11.3.1 kNN 10-fold CV

There are several packages in R for kNN applications: knn() from the class package and knn3() in the caret package. We will use knn3() in the caret package. Since kNN use distances, we should scale the numerical variables first to make their magnitudes on the same scale.

rm(list = ls())

data <- read.csv("adult_train.csv", header = FALSE)

varNames <- c("Age", 
              "WorkClass",
              "fnlwgt",
              "Education",
              "EducationNum",
              "MaritalStatus",
              "Occupation",
              "Relationship",
              "Race",
              "Sex",
              "CapitalGain",
              "CapitalLoss",
              "HoursPerWeek",
              "NativeCountry",
              "IncomeLevel")

names(data) <- varNames
df <- data

# Dropping single observation
ind <- which(df$NativeCountry==" Holand-Netherlands")
df <- df[-ind, ]

#Scaling the numerical variables
for(i in 1:ncol(df))
   if(is.integer(df[,i])) df[,i] <- scale(df[,i])

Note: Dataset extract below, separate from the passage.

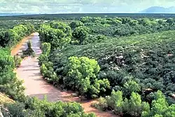 Siltation caused by raw sewage sludge and industrial waste in the New River as it passes from Mexicali to Calexico, California.

#Converting the character variables to factor
df[sapply(df, is.character)] <- lapply(df[sapply(df, is.character)],
                                       as.factor)
str(df)
## 'data.frame':    32560 obs. of  15 variables:
##  $ Age          : num [1:32560, 1] 0.0307 0.8371 -0.0427 1.057 -0.7758 ...
##   ..- attr(*, "scaled:center")= num 38.6
##   ..- attr(*, "scaled:scale")= num 13.6
##  $ WorkClass    : Factor w/ 9 levels " ?"," Federal-gov",..: 8 7 5 5 5 5 5 7 5 5 ...
##  $ fnlwgt       : num [1:32560, 1] -1.064 -1.009 0.245 0.426 1.408 ...
##   ..- attr(*, "scaled:center")= num 189783
##   ..- attr(*, "scaled:scale")= num 105548
##  $ Education    : Factor w/ 16 levels " 10th"," 11th",..: 10 10 12 2 10 13 7 12 13 10 ...
##  $ EducationNum : num [1:32560, 1] 1.13 1.13 -0.42 -1.2 1.13 ...
##   ..- attr(*, "scaled:center")= num 10.1
##   ..- attr(*, "scaled:scale")= num 2.57
##  $ MaritalStatus: Factor w/ 7 levels " Divorced"," Married-AF-spouse",..: 5 3 1 3 3 3 4 3 5 3 ...
##  $ Occupation   : Factor w/ 15 levels " ?"," Adm-clerical",..: 2 5 7 7 11 5 9 5 11 5 ...
##  $ Relationship : Factor w/ 6 levels " Husband"," Not-in-family",..: 2 1 2 1 6 6 2 1 2 1 ...
##  $ Race         : Factor w/ 5 levels " Amer-Indian-Eskimo",..: 5 5 5 3 3 5 3 5 5 5 ...
##  $ Sex          : Factor w/ 2 levels " Female"," Male": 2 2 2 2 1 1 1 2 1 2 ...
##  $ CapitalGain  : num [1:32560, 1] 0.148 -0.146 -0.146 -0.146 -0.146 ...
##   ..- attr(*, "scaled:center")= num 1078
##   ..- attr(*, "scaled:scale")= num 7385
##  $ CapitalLoss  : num [1:32560, 1] -0.217 -0.217 -0.217 -0.217 -0.217 ...
##   ..- attr(*, "scaled:center")= num 87.2
##   ..- attr(*, "scaled:scale")= num 403
##  $ HoursPerWeek : num [1:32560, 1] -0.0354 -2.2221 -0.0354 -0.0354 -0.0354 ...
##   ..- attr(*, "scaled:center")= num 40.4
##   ..- attr(*, "scaled:scale")= num 12.3
##  $ NativeCountry: Factor w/ 41 levels " ?"," Cambodia",..: 39 39 39 39 6 39 23 39 39 39 ...
##  $ IncomeLevel  : Factor w/ 2 levels " <=50K"," >50K": 1 1 1 1 1 1 1 2 2 2 ...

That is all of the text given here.